L’identité serait définie par l’organisation sociale comme la distribution des rôles, des croyances et la perpétuation des singularités du groupe.
On peut penser que la véritable nouveauté serait de se fonder sur le paradoxe qui lui donne l’allure de symptôme. Ce dernier étant une réponse paradoxale à un véritable problème psychologique, en termes affectifs, moraux, ou de désirs. L’école de Palo alto a postulé que la psychose avait sa source dans les attentes paradoxales de la famille, poussant le sujet à des réponses folles.
Mais le paradoxe dont il est question ici ne provient pas d’une construction strictement individuelle, il procède des injonctions paradoxales que reçoit le sujet.

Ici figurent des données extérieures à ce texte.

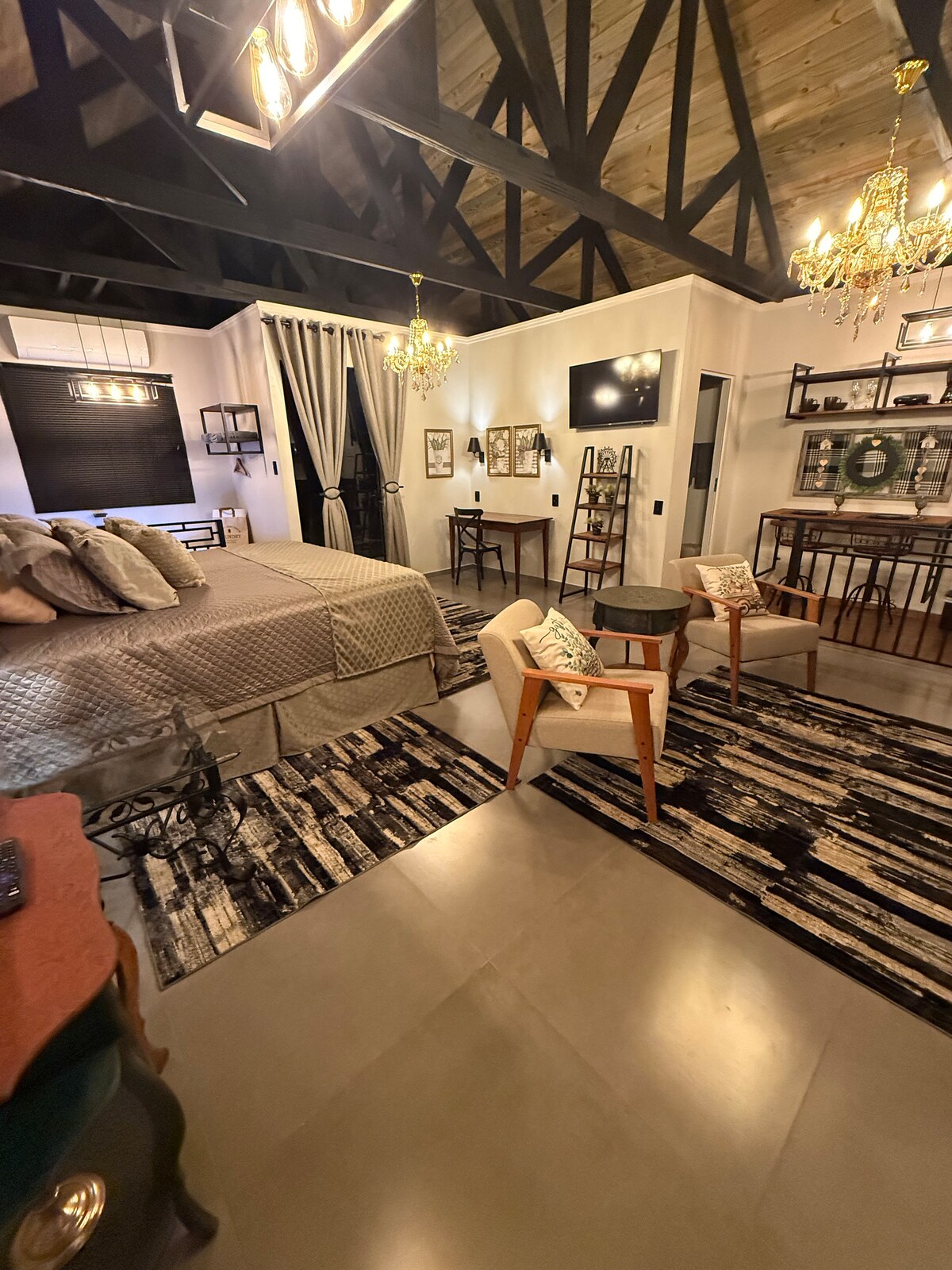 Ժամանակակից և հարմարավետ ստուդիա: Ամբողջական խոհանոց ՝ հագեցած մինիբարով, միկրոֆոնով, AirFryer - ով, CookTop - ով, սրճեփով և սենդվիչ պատրաստող սարքով, հեռուստացույցով» 42 ՝ Smart Roku - ով, Wi - Fi - ով, օդորակիչով, երկտեղանի մահճակալով ՝ Bicama - ով ։ Շուկայի, դեղատան, հացաբուլկեղենի, Vicent Hospital/São Camilo - ի (100 մետր), 13* bib (1,7 կմ) UEPG Campus - ի (3,3 կմ), Շրջանային հիվանդանոցի (3,8 կմ), Կենտրոնի (4,5 կմ) և ռազմավարական կետ է նրանց համար, ովքեր ցանկանում են իմանալ տարածաշրջանի գեղեցկությունները, ինչպիսիք են Վիլա Վելհա (23 կմ), Բուրակո դու Պադրեն (25 կմ) և Ալագադոսը (19 կմ):

Dans 1984, Orwell imaginait le « ministère le la paix » pour faire la guerre, puis un ministère de la « vérité » pour réinventer l’histoire. Déjà en 1929 Propaganda de Edward Bernays, neveu de Sigmund Freud invente un « arts de manipuler l’opinion en démocratie ». La parenté avec le père de la psychanalyse n’a rien d’anecdotique, puisque c’est en concevant l’individu comme un être psychologique, animé par de désirs, que ce penseur de la propagande a conçu les principes de l’influence de la masse.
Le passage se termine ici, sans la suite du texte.